::: EXTRACTED INFORMATION :::

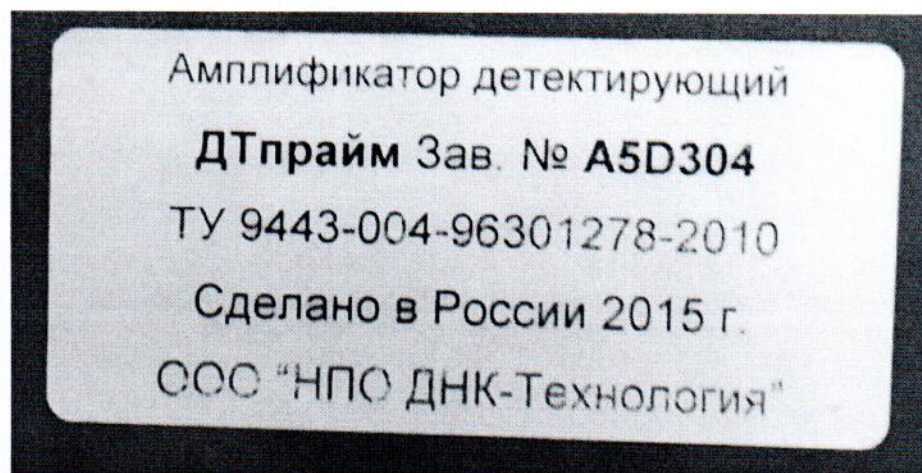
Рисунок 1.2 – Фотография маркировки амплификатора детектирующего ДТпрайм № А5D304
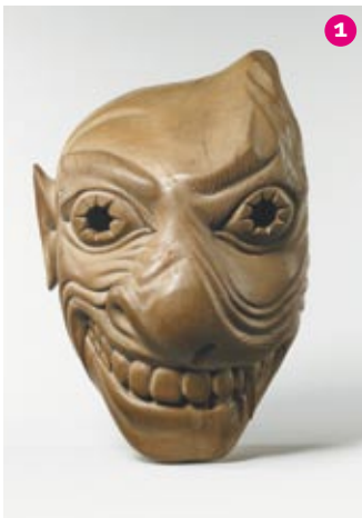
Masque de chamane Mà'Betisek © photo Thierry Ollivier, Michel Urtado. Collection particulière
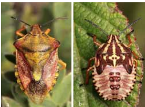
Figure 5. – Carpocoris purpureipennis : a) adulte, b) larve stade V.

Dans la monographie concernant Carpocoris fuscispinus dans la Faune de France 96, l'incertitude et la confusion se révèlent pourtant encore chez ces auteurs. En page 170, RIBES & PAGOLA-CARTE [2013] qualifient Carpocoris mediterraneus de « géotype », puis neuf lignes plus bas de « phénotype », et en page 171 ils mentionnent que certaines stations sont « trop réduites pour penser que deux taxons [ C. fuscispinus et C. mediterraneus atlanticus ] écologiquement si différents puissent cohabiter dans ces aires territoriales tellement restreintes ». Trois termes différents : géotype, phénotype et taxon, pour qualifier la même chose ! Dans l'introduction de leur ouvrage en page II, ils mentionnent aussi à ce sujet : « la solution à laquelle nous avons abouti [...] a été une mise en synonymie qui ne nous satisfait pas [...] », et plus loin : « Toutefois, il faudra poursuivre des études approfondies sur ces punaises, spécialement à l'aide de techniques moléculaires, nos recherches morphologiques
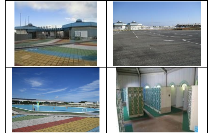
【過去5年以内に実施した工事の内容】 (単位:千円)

:::
::: EXTRACTED INFORMATION :::

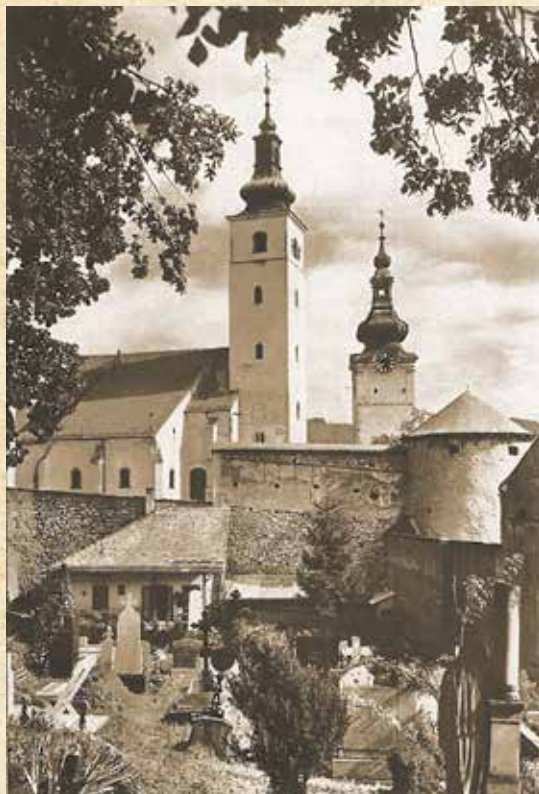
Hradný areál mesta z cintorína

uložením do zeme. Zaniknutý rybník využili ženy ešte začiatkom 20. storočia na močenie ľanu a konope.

:::
::: EXTRACTED INFORMATION :::

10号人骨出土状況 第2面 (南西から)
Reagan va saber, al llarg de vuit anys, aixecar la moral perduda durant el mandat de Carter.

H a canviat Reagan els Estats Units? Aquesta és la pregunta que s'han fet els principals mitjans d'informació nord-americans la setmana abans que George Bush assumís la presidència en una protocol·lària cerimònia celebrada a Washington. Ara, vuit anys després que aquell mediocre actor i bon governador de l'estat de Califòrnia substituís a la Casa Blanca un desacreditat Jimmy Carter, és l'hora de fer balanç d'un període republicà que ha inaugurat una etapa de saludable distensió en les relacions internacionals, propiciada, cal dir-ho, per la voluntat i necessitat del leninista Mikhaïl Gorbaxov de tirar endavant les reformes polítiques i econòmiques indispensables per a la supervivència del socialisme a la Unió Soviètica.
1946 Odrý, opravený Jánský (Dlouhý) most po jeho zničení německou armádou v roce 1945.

:::

## WHAT NEEDS TO BE DONE:
Reproduce the data above exactly, but only from the line containing "Рисунок 1.2 –" through the line containing "Figure 5. –"; skip the pictures.

## EXERCISE ANSWER:
Рисунок 1.2 – Фотография маркировки амплификатора детектирующего ДТпрайм № А5D304
Masque de chamane Mà'Betisek © photo Thierry Ollivier, Michel Urtado. Collection particulière
Figure 5. – Carpocoris purpureipennis : a) adulte, b) larve stade V.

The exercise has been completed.